Defining a LD Metadata Profile for the Fine-Grained Description of Scientific Data Sets
The digitalization of science has also led to new possibilities to collaboratively use existing research data (Open Research / Open Data). Projects such as Googles Dataset Search or Re3Data.org show, that there are already many data publication platforms that provide datasets with accurate meta descriptions. However, to find datasets for a certain research problem is still difficult, especially in an interdisciplinary context. One reason might be, that the provided information primarily focuses on discovery metadata, thus provenance information, and less on structured data describing the content of the dataset in a homogeneous fashion. A collection of possible meta data properties for research data recently started via schema.org/Dataset, but it is assumed that this vocabulary can still be improved.

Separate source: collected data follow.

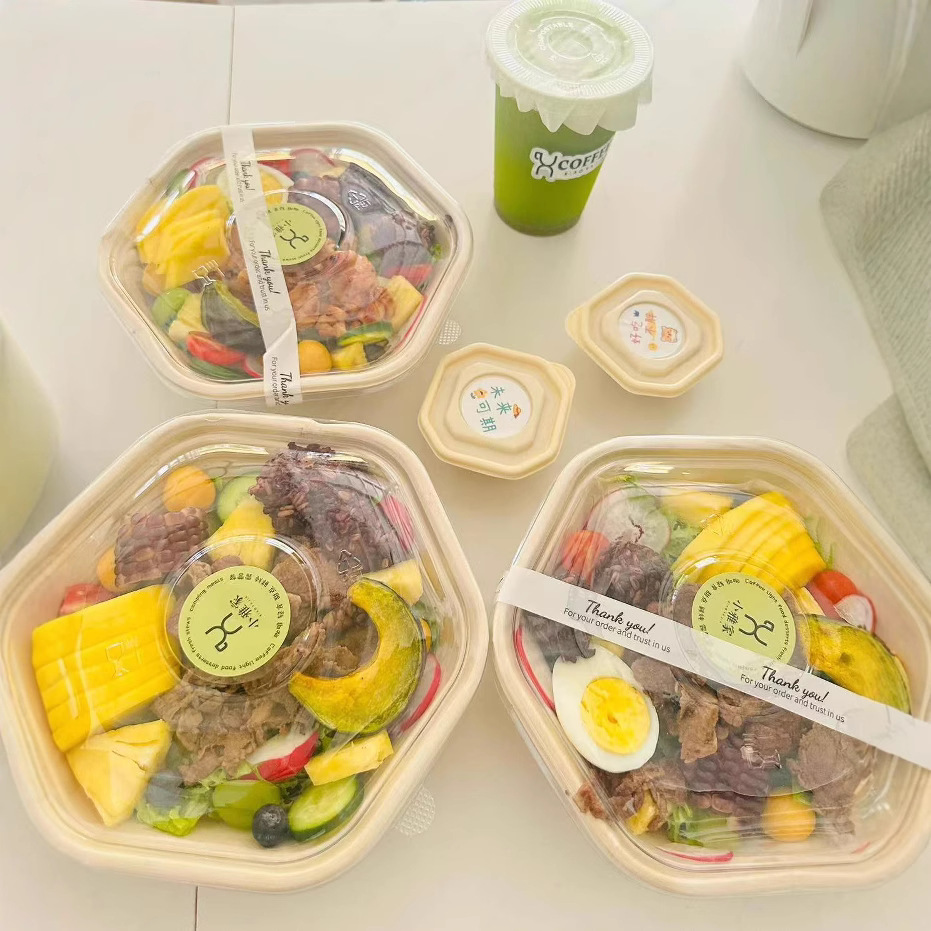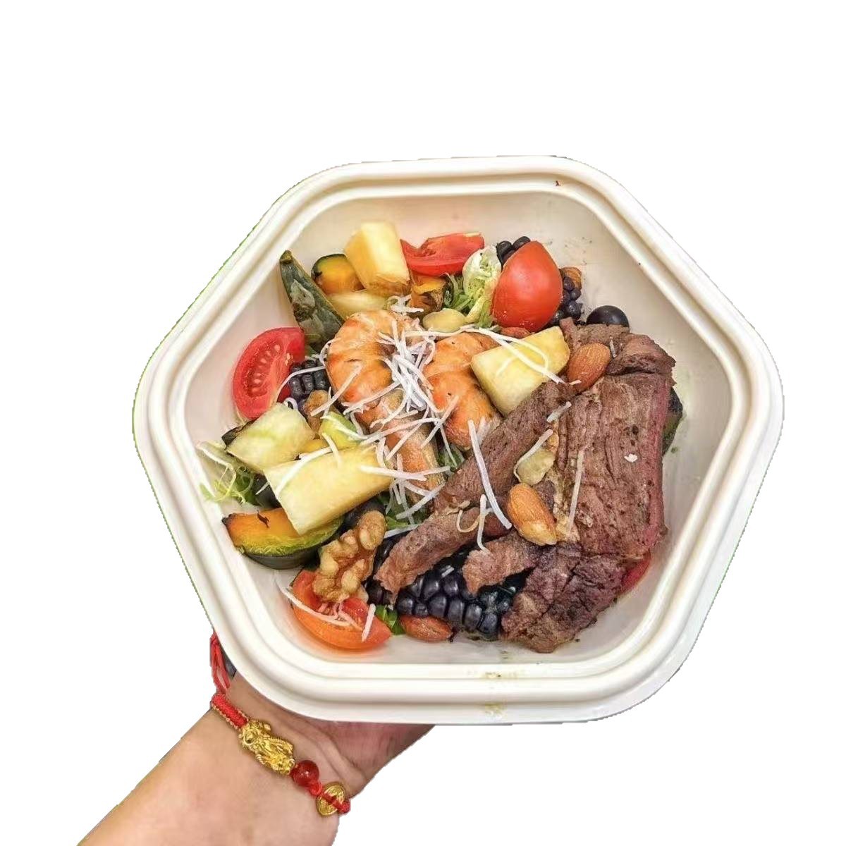 Главная страница > Упаковка для салатов и ланчей из кукурузного крахмала, одноразовые шестиугольные бумажные контейнеры для пасты и легких закусок
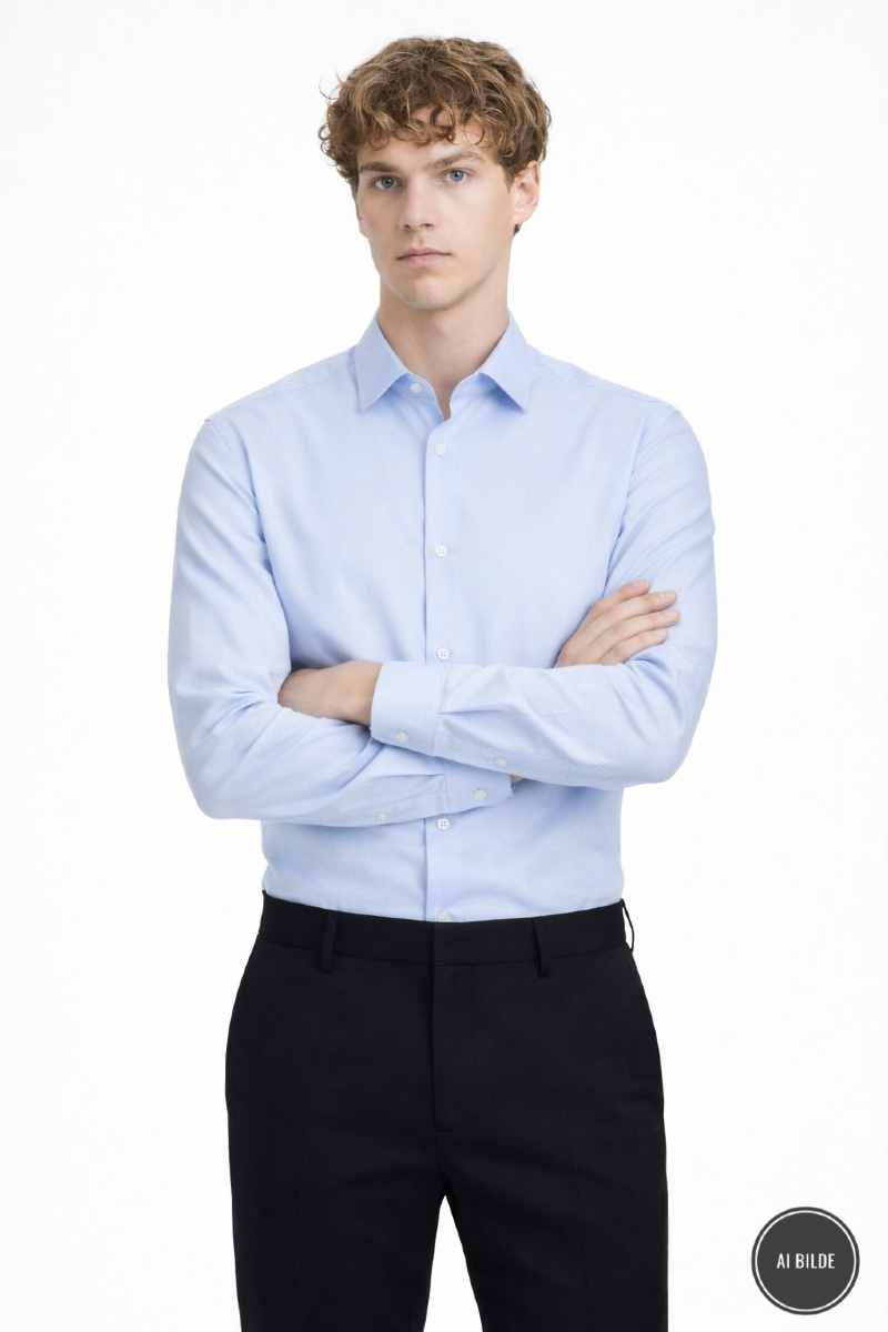 Klassisk dobbyvevd skjorte.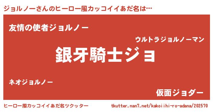 | 男性向けラノベタイトル風あだ名 | 『転生したらジョルノーだった件』 |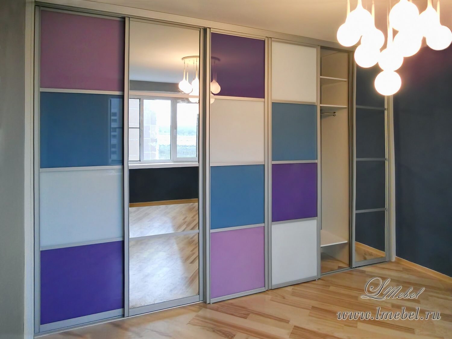 Большой встроенный шкаф-купе оригинальной конструкции с ярким фасадом. Шкаф установлен у стены с дверным проемом, а одна из его створок является межкомнатной дверью. Для того чтобы не создавать препятствие на входе, двери установлены на подвесной конструкции.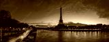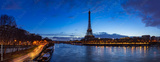 Eiffel Tower and Seine River banks in early morning light. Panoramic view in Paris, France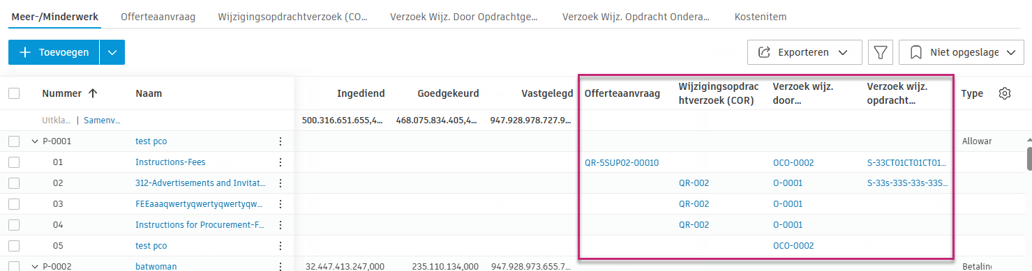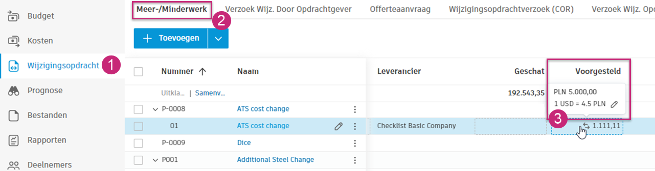 De tabellen met wijzigingsopdrachten bieden uitgebreide informatie over kostenposten, inclusief het bijbehorende nummer van de wijzigingsopdracht. Als u op een getal klikt, wordt u omgeleid naar het specifieke tabblad waar de bijbehorende wijzigingsopdracht zich bevindt. Er wordt een vervolgwerkpaneel met meer informatie geopend.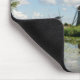 Mousepad with three windmills along a canal with boats and reeds under a blue sky with puffy clouds creating a peaceful scene in the dutch countryside of Leidschendam, the Netherlands.

This project focuses on metadata standards to describe scientific datasets for an interdisciplinary publication and retrieval purpose. After defining the term (research) dataset and requirements on a dataset publication, a State of the Art analysis has to be run to identify existing vocabularies to describe with Linked Data the domain, nature and content of a dataset from multiple perspectives. Then, an approach has to be developed on how to compare the most-relevant concepts in these voabularies and to extract properties that better annotate datasets for an interdisciplinary reuse. With this knowledge, a proposition for a metadata profile can be made how researchers should annotate their datasets in the future. An evaluation has to show the practical usage and the improvement over currently proposed vocabularies.